• _INFORMATION_:
====

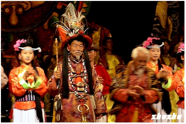首曲演奏完後,主持人出場用納西語唸出掛在舞台上方一橫幅東巴文,意思是歡迎遠道而來的客人之類。接著一位老東巴表演宗教祈福舞蹈,就像帶來了遠古的曠野迴響;他的嗓音和動作,與大研古城、玉龍雪山融為一體,是納西族宗教生活的一個重要部分。納西族東巴教是納西族原始宗教向人為宗教過渡的一種宗教;多達30多種的東巴教儀式是納西東巴文化的主要載體,即用象形文字記載在東巴經書裏的內容,通過各種宗教儀式表現出來,並以宗教儀式傳承下來。
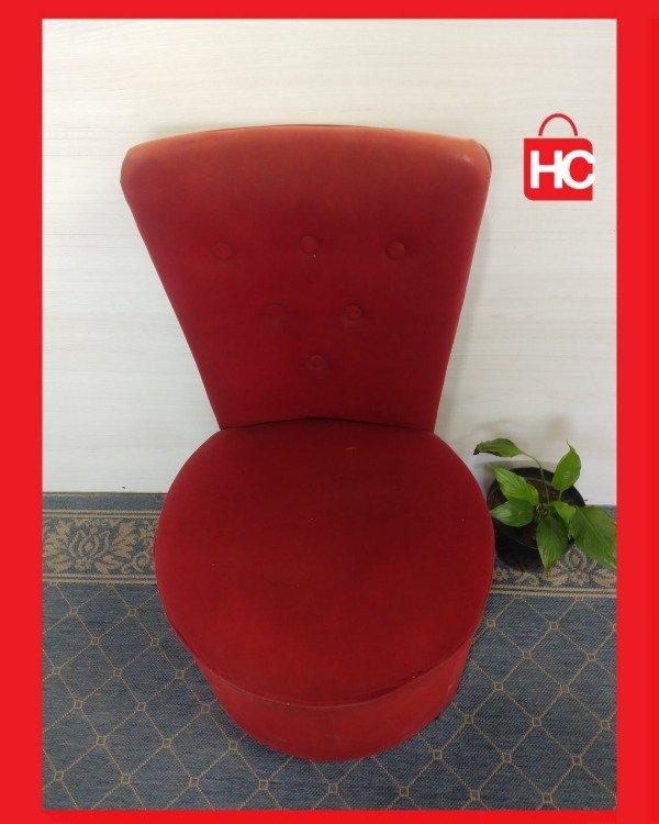 ¡Este sillón es pura personalidad! Es una silla de estilo con el tapizado en ese rojo intenso que es una bomba. El detalle del capitoné en el respaldo (alto, 86cm) le da un toque de elegancia increíble. Es perfecta para un rincón de lectura, al lado de un tocador o para darle un acento de color al living. ¡Se roba todas las miradas! Medidas: 86 cm de alto x 53 cm de ancho x 50 cm de prof.
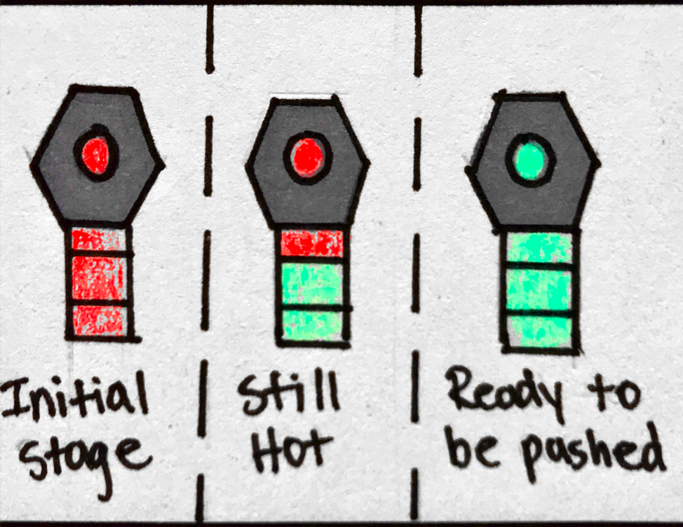 6. The players try to decide why they failed the game this time. They reason that if a fuel cell is red it might simulate that it is hot and shouldn't be pushed back in yet, they need to wait for it to cool. The players decide to wait to see what happens with the red fuel cells before pushing them in. |
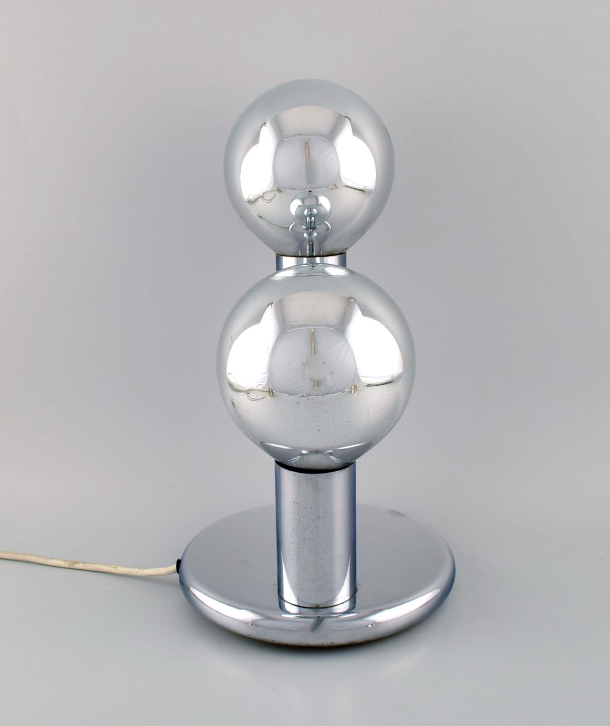Studio Tetrarch for Valenti. Vintage Pistillino bordlampe. Italiensk design, 1970'erne. Måler: 34,5 x 24 cm. I flot stand. Minimalt aldersbetinget brugspræg. Materiale: Forkromet plast.
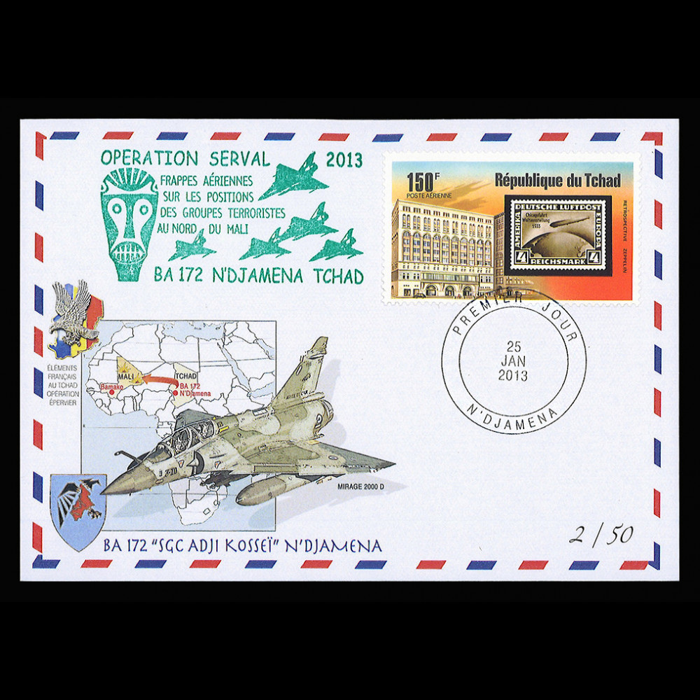 + cachet vert N'Djamena "OPERATION SERVAL 2013 / BA 172 N'Djamena Tchad : MIRAGE 2000 D - Frappes aériennes sur les positions des groupes terroristes au Nord du Mali" (Tchad)

====

• _WHAT IS NEEDED_: What should appear is an exact reproduction of the lines from the one with "cm de prof." through the end of the material above, and no pictures.

• _ANSWER TO THIS EXERCISE_:
 ¡Este sillón es pura personalidad! Es una silla de estilo con el tapizado en ese rojo intenso que es una bomba. El detalle del capitoné en el respaldo (alto, 86cm) le da un toque de elegancia increíble. Es perfecta para un rincón de lectura, al lado de un tocador o para darle un acento de color al living. ¡Se roba todas las miradas! Medidas: 86 cm de alto x 53 cm de ancho x 50 cm de prof.
 6. The players try to decide why they failed the game this time. They reason that if a fuel cell is red it might simulate that it is hot and shouldn't be pushed back in yet, they need to wait for it to cool. The players decide to wait to see what happens with the red fuel cells before pushing them in. |
Studio Tetrarch for Valenti. Vintage Pistillino bordlampe. Italiensk design, 1970'erne. Måler: 34,5 x 24 cm. I flot stand. Minimalt aldersbetinget brugspræg. Materiale: Forkromet plast.
 + cachet vert N'Djamena "OPERATION SERVAL 2013 / BA 172 N'Djamena Tchad : MIRAGE 2000 D - Frappes aériennes sur les positions des groupes terroristes au Nord du Mali" (Tchad)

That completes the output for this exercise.